Vallillo extensively researched the subject going back to primary source documents such as the 1856 Slave Narratives of Canada and numerous other slave narratives, as well as much of the most recent scholarly work on the subject. “These are amazing accounts of self determined people who took tremendous risks to gain their freedom, often with virtually no knowledge of the world beyond their immediate location” said Vallillo. “It’s a testament to the resilient human desire for freedom.”
The show features rare first person accounts of freedom seekers who passed through Illinois such as John and Mary Little who traveled one hundred and forty miles to get to the Ohio River, crossed the river on a log, and walked barefooted through Illinois up to Chicago.
Then there was George Burroughs, a free black man from Canada, who traveled to Illinois and got a job on the Illinois Central Railroad where he helped smuggle escapees to freedom.
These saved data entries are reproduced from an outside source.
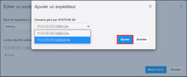 4. Sélectionnez l’IP dédiée que vous voulez ajouter à cet expéditeur et cliquez sur Ajouter.
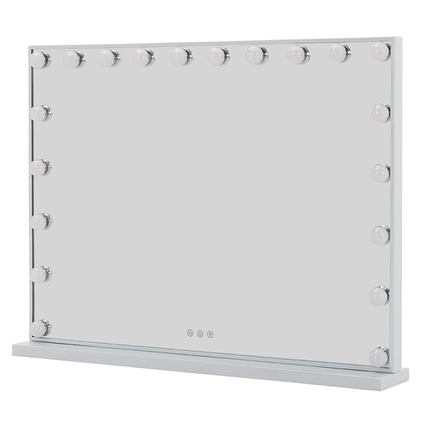 Port de chargement USB pratique à l'arrière. 3 températures de couleur réglables pour créer l'ambiance maquillage parfaite. Écran tactile réactif, simple et intuitif. Socle et cadre en métal robuste, finition blanche. Dimensions : 80 cm (L) x 12 cm (P) x 62,5 cm (H). Type de fixation : Autoportant. Matériau du cadre : Métal. Alimentation : USB. Éclairage inclus : Oui. Intensité lumineuse réglable : Oui. Type d'ampoule : LED. Nombre d'ampoules : 20.
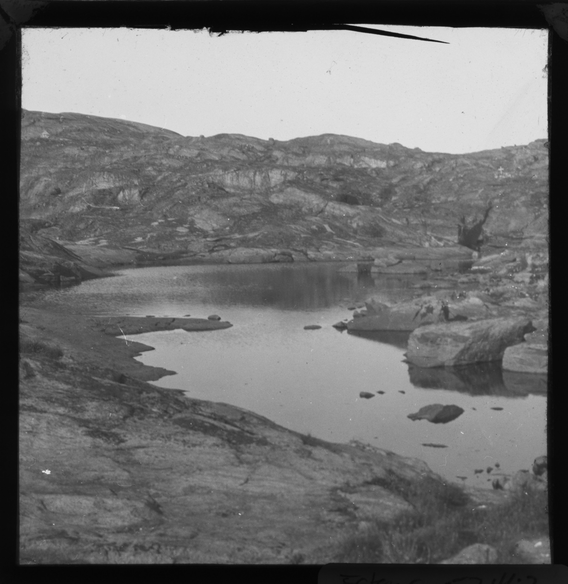 'Vy med mindre vattensamling, ev. sjö med berghällar omkring. :: :: Ingår i serie med fotonr. 5214:1-7. Se även hela fotonr. 5202-5218 med bilder från Frits Johansen.'
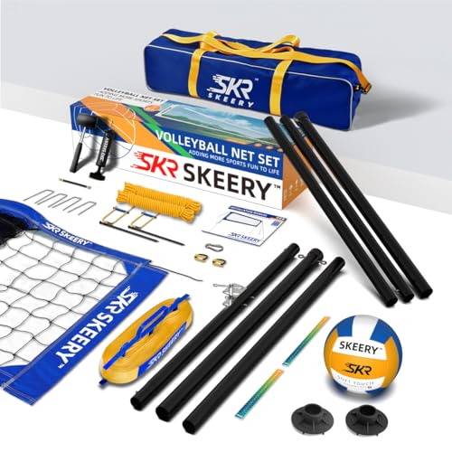 • SKEERY Outdoor Heavy Duty Volleyball Net Set, Anti-Sag Design, Adjustable Aluminum Poles, Portable Volleyball Net for Backyard,Grass and Beach(Blue)
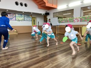 きょうも こうえんで かけっこする きくみさん あしが つよくなるね
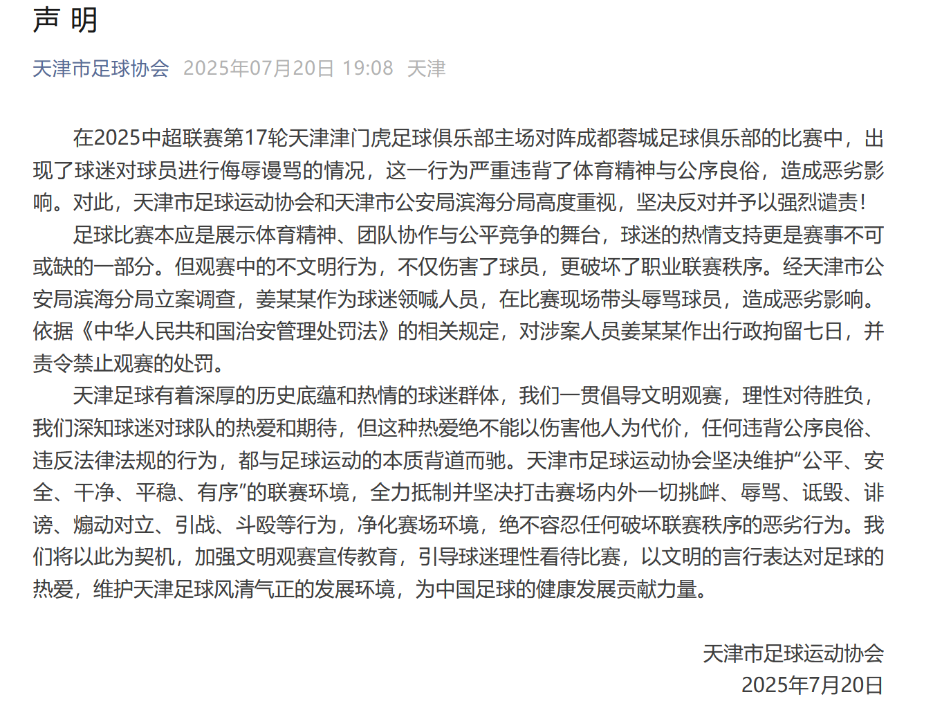 7月20日,天津市足球運動協會發布聲明稱,在2025中超聯賽第17輪天津津門虎足球俱樂部主場對陣成都蓉城足球俱樂部的比賽中,出現了球迷對球員進行侮辱謾罵的情況,這一行為嚴重違背了體育精神與公序良俗,造成惡劣影響。對此,天津市足球運動協會和天津市公安局濱海分局高度重視,堅決反對並予以強烈譴責。
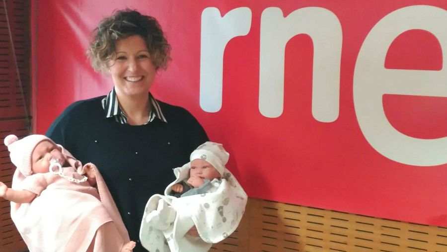 María Moltó, en Rne Alicante con muñecas de la juguetera 'Antonio Juan'
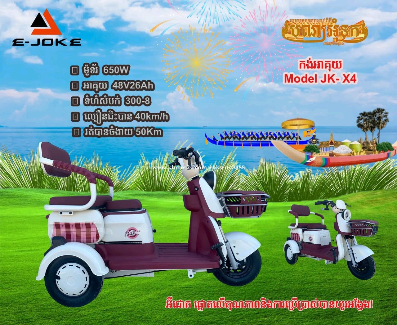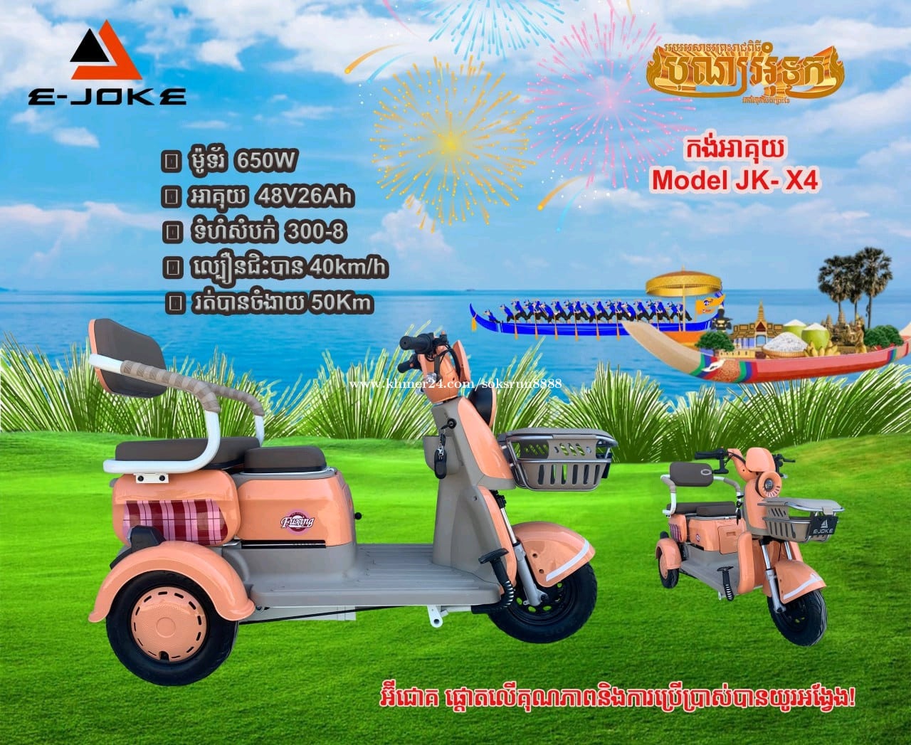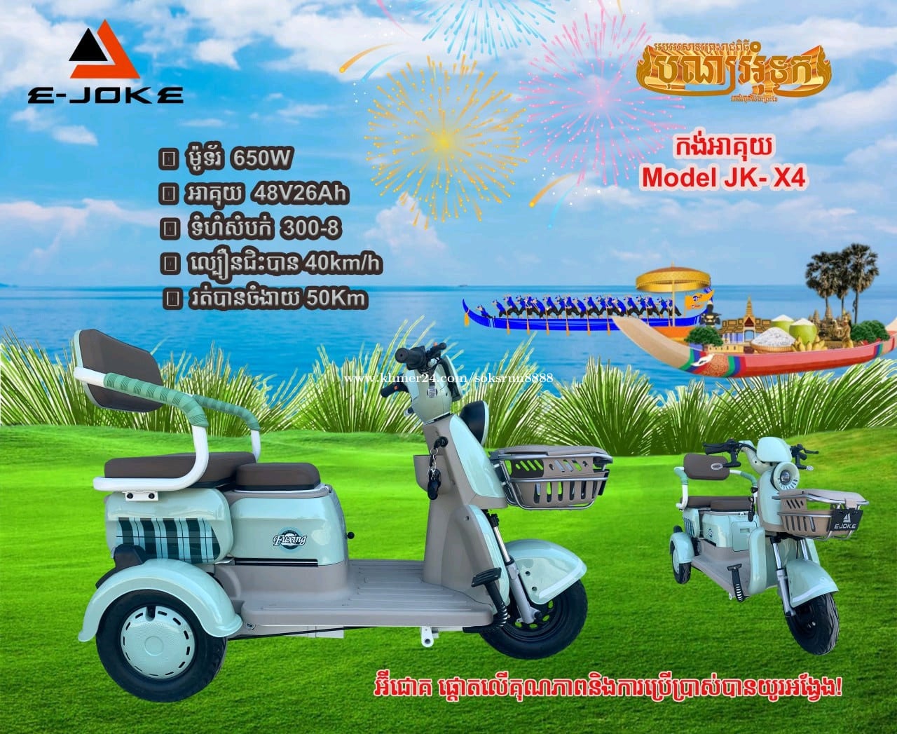 សួស្ដីសង្ក្រាន្ដឆ្នាំថ្មី ២០២៥ ពីកង់អាគុយអ៊ីជោគ Model Jk-X4 💥💥មាន៤ពណ៍ ស្រលាញ់ពណ៍ណាខ្លះកក់ទុកមុនបានចា៎ 😍🥰 Model Jk-X4 👉ម៉ូទ័រ650W 👉អាគុយ48V20ah 👉សំបក់300-8 👉ល្បឿន40KM/H 👉រត់ចំងាយ50kM 👉អាចផ្ទុកទំងន់បាន250KG 👉មានឃ្លុបដាក់ឥវ៉ាន់ធំទូលាយ 👉ទឹកថ្នាំភ្លឺរលោងស្អាត 👉ចង្កៀងគុជភ្លឺច្បាស់ល្អ 👉ប្រភេទបូមប្រេងដែលអាចប្រេីបានគ្រប់សណ្ឋានភាពផ្លូវ👍 សម្រាប់បងៗអត់ទាន់ស្គាល់ទីតាំង អាចមើលបាន😍🫰 📌សំរាប់ព័ត៌មានលំអិត ☎️010898xxxClick To Call/099898xxxClick To Call 🇰🇭 telegram 098699xxxClick To Call 🇰🇭
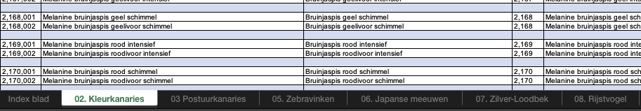 Deze vind u onder aan, hier staan de verschillende groepen vermeld.
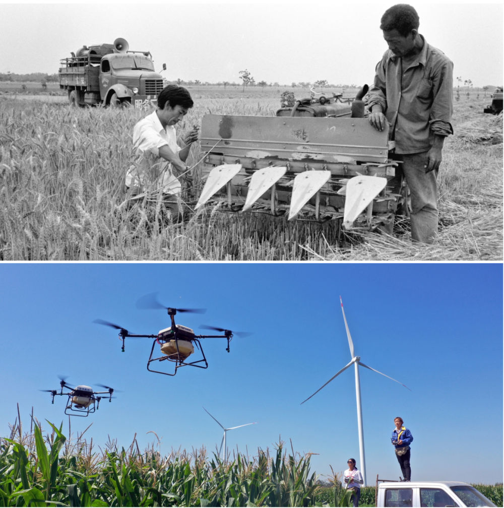 拼版照片:上圖為1986年,河南浚縣農(nóng)機(jī)公司組織服務(wù)隊走村串鄉(xiāng)義務(wù)修理農(nóng)業(yè)機(jī)械(新華社記者 唐茂林 攝);下圖為2020年9月4日,河南湯陰“精忠飛防大隊”飛手在操作植保無人機(jī)(新華社記者 李嘉南 攝)。
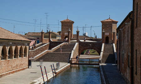Comacchio - Ferrara, Italy - August 13, 2021: Famous Tre Ponti or Trepponti three way bridge in Comacchio.
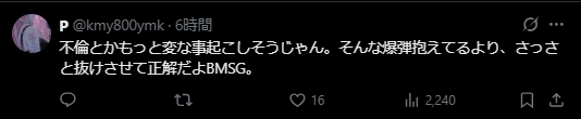 そんな爆弾抱えてるより、さっさと抜けさせて正解だよBMSG。
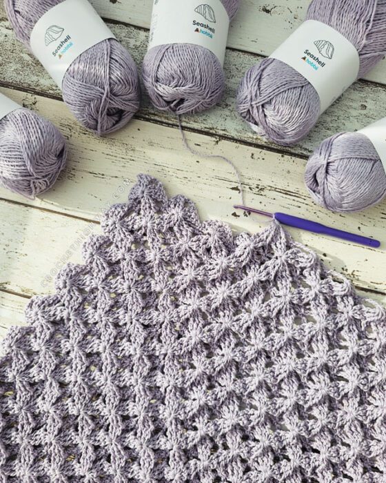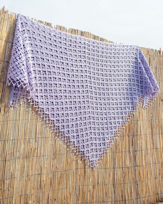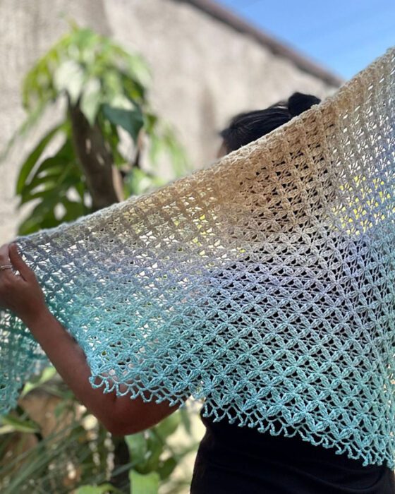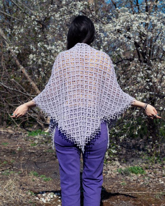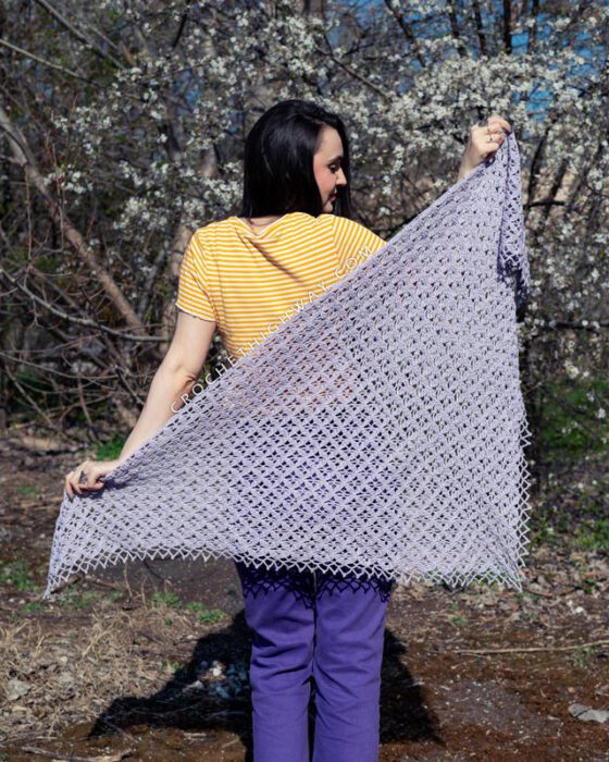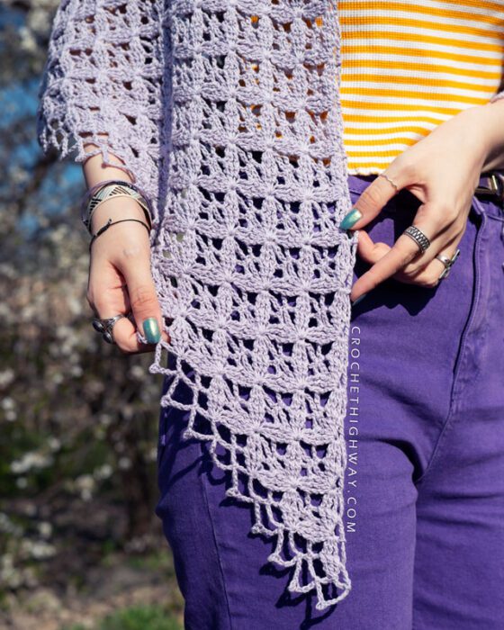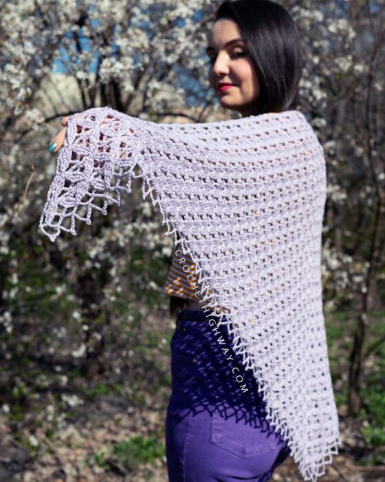 Light, airy, and full of detail, this shawl is the kind of accessory that feels like a celebration of spring. The main stitch pattern combines treble crochets and chain spaces in an easy-to-memorize two-row repeat that works up faster than you’d think. The fabric is open and lacey, yet surprisingly textured and three-dimensional. A delicate lace border finishes the edge for a polished, elegant touch.
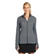 Nike Golf Ladies Therma-FIT Hypervis Full-Zip Jacket. For lightweight, allover warmth and temperature regulation, this jacket excels with Therma-FIT fabric The chevron design across the chest provides interesting two-tone color detail Distinctive contrast color at the neck and zipper, plus a brushed interior makes this versatile layering piece a golfing essential Tailored for a feminine fit Details include a reverse coil zip-through collar, open cuffs and an open hem Thumbholes at cuffs for warmth and enhanced fit The contrast Swoosh design trademark is embroidered on the left hem Made of 10.2-ounce, 100% polyester Therma-FIT fabric.
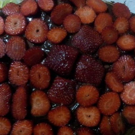 Deixe esfriar e coloque os morangos cortados no meio por cima.

Chris Vallillo- presents "Songs of the Illinois Freedom Road" April 5, 2pm-Madden Auditorium
Chris Vallillo is a singer/songwriter and roots musician who makes the people and places of “unmetropolitan” America come to life in song. Having spent the last 30 years in the rural Midwest, he has a natural affinity for American roots music. Vallillo weaves original, contemporary, and traditional songs and narratives into a compelling and entertaining portrait of the history and lifestyles of the Midwest. Dirty Linen magazine described the music as, “vivid, original story songs”delivered with an “eye for detail and a sense of history”. In the 1980’s he was involved documenting the last of the pre-radio generation of musicians in rural Illinois. A multi-instrumentalist, Vallillo performs on acoustic guitar and bottleneck slide guitar as well as old time banjo in this show. His music has a timeless quality about it, re-creating old songs while keeping them fresh to the ear. “I want to be true to the historic nature of the piece, but I also want it to feel new and alive.” Always a project oriented artist, in the early 2000’s Vallillo began creating one man shows using music as the vehicle to explore a subject or theme. His 2008 project, titled Abraham Lincoln in Song, received the endorsement of the Abraham Lincoln Bicentennial Commission and the CD reached #10 on Billboard’s Bluegrass Album Chart. In 2016, his recording, Oh Freedom! Songs of the Civil Rights Movement Songs of the Illinois Freedom Road charted at # 6 on the folk charts and the show was staged with a band and full choir at Western IL University. That show was video taped and syndicated on Illinois Public Television. In 2024 Chris returned to his songwriter roots with a new recording and stage performance, Forgottonia, featuring original songs and instrumentals written about about rural Illinois.